US President Donald Trump holds a joint press conference with Japanese Prime Minister Shigeru Ishiba in the East Room at the White House in Washington, US on February 7, 2025.— Reuters


US President Donald Trump holds a joint press conference with Japanese Prime Minister Shigeru Ishiba in the East Room at the White House in Washington, US on February 7, 2025.— Reuters

WASHINGTON: United States President Donald Trump is intensifying his battle with the country’s media to a new level by targeting the finances of organisations already struggling in an increasingly tough commercial climate.

Armed with multimillion-dollar lawsuits and regulatory threats now, President Trump has long had an antagonistic relationship with mainstream news outlets, deriding them as the “enemy of the people”.

A notable exception is the powerful conservative broadcaster Fox News, some of whose hosts have taken on major roles in his administration and where his daughter-in-law Lara Trump is set to start as a prime time host.

Trump now appears to be doubling down on his anti-media rhetoric in his first month in office, focusing on cutting government agencies’ news subscriptions in what observers call a case of manufactured outrage.

News outlet Politico was at the centre of a social media storm, with Trump supporters including Elon Musk posting screenshots that falsely purported to show more than $8 million was funnelled from the United States Agency for International Development (USAID) to the site.

The humanitarian agency has been the target of a sweeping cost-cutting campaign by billionaire Musk, a key Trump adviser, with the president calling for its closure.

Records on USAspending.gov, an online tracker of government payments, showed that federal agencies paid about $8 million to Politico for subscriptions, including to its Politico Pro service.

Payments from USAID were a small fraction of that total, the records showed.

But the facts did not stop Trump from falsely claiming that billions of dollars from USAID and other agencies had improperly gone to the “fake news media as a ‘payoff’ for creating good stories about the Democrats”.

“We have never received any government funding — no subsidies, no grants, no handouts,” Goli Sheikholeslami, Politico’s chief executive, and John Harris, its editor-in-chief, wrote in a note to readers.

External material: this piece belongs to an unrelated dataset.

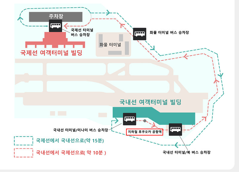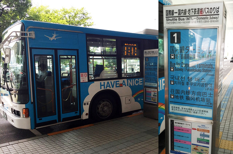 후쿠오후쿠오카공항역으로 가는 무료셔틀버스입니다. 후쿠오카공항역에서 하카타역으로 지하철을 이용하려면 1번 라인에서 타고, 후쿠오카공항역까지 가게 됩니다. 공항버스를 타고 하카타역까지 직항으로 가고자 계획했던 사람들 중에 공항버스를 놓친 경우 버스를 다시 기다려야 하니 계획을 바꿔 이 버스를 타는 것도 좋은 방법입니다.

“Government agencies that subscribe do so through standard public procurement processes — just like any other tool they buy to work smarter and be more efficient. This is not funding. It is a transaction,” he added.

‘Beyond mere threats’

The White House has said it will cancel its Politico subscriptions.

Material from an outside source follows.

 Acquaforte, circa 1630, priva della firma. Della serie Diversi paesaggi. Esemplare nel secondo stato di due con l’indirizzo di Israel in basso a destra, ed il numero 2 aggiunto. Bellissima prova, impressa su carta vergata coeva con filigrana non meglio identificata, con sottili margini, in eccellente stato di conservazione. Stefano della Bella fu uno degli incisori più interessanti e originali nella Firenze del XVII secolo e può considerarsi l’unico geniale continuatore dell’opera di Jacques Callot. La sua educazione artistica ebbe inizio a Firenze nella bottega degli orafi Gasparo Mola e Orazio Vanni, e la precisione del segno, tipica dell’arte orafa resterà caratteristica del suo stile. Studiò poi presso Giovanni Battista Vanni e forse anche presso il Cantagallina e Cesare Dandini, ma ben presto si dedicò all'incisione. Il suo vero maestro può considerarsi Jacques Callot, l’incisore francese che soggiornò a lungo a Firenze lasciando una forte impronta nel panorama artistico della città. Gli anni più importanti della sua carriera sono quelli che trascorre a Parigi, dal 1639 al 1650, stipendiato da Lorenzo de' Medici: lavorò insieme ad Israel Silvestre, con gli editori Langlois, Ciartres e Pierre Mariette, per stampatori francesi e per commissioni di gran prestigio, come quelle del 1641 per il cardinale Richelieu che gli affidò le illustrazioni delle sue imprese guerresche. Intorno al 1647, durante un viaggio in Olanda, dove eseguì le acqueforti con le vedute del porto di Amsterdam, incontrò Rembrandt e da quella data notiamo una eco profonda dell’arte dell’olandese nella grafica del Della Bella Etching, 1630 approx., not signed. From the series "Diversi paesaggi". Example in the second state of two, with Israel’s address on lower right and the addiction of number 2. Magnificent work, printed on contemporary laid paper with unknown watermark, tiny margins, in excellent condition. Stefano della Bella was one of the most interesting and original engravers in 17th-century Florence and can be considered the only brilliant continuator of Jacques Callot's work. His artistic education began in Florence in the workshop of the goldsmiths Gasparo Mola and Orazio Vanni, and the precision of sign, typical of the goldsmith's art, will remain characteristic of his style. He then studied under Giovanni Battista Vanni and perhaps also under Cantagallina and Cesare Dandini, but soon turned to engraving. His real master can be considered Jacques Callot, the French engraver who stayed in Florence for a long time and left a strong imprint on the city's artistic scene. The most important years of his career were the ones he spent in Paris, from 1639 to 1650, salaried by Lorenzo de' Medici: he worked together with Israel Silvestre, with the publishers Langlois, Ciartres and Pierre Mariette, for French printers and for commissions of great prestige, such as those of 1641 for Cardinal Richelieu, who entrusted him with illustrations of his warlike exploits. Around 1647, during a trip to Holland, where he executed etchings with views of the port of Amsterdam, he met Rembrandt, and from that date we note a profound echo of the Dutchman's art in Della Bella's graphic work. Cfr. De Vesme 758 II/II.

Other media outlets also risk losing millions of dollars if the government drops more subscriptions, a lever for the Trump administration to undermine a press that is already facing financial strain, observers say.

“The upshot of all of this nonsense is that the (Make America Great Again) base has new lore they can use to explain away any unfavourable coverage for Trump,” said Matt Gertz, from the left-leaning think tank Media Matters, referring to the president’s key “MAGA” political slogan.

In another kind of pressure, Brendan Carr, Trump’s new head of the Federal Communications Commission, has ordered an investigation into NPR and PBS, a move that some worry is aimed at unravelling federal funding for public broadcasters.

“The new administration seems to be ramping up a multifaceted effort to punish the media,” Roy Gutterman, a Syracuse University professor, told AFP.

“We are moving beyond mere threats.”

Move out of Pentagon

In an unprecedented move, Trump’s administration announced that eight media organisations including The New York Times, The Washington Post, CNN, NBC and NPR must vacate their dedicated office spaces in the Pentagon.

It cited the need to create room for other outlets including the conservative New York Post and Breitbart.

In December, ABC News agreed to pay $15 million to settle a lawsuit brought by Trump which contended the network’s star anchor George Stephanopoulos had defamed him.

The settlement was seen as a major concession by a large media organisation to Trump, whose previous efforts to sue news outlets have often ended in defeat.

“The spectacle of powerful media organisations debasing themselves before Trump has become so familiar that it is beginning to feel like scheduled programming,” Jameel Jaffer, executive director of the Knight First Amendment Institute at Columbia University, wrote in a New York Times column.

CBS News, a broadcaster at the centre of another FCC probe and a $10 billion lawsuit from Trump, recently complied with an FCC request to hand over the raw footage from an interview last year with Democratic presidential candidate Kamala Harris, with the president accusing it of deceitful editing.

Paramount, CBS’s parent company, is now considering settling the lawsuit, media reports say, at a time when it needs Trump’s support for its proposed merger with Skydance.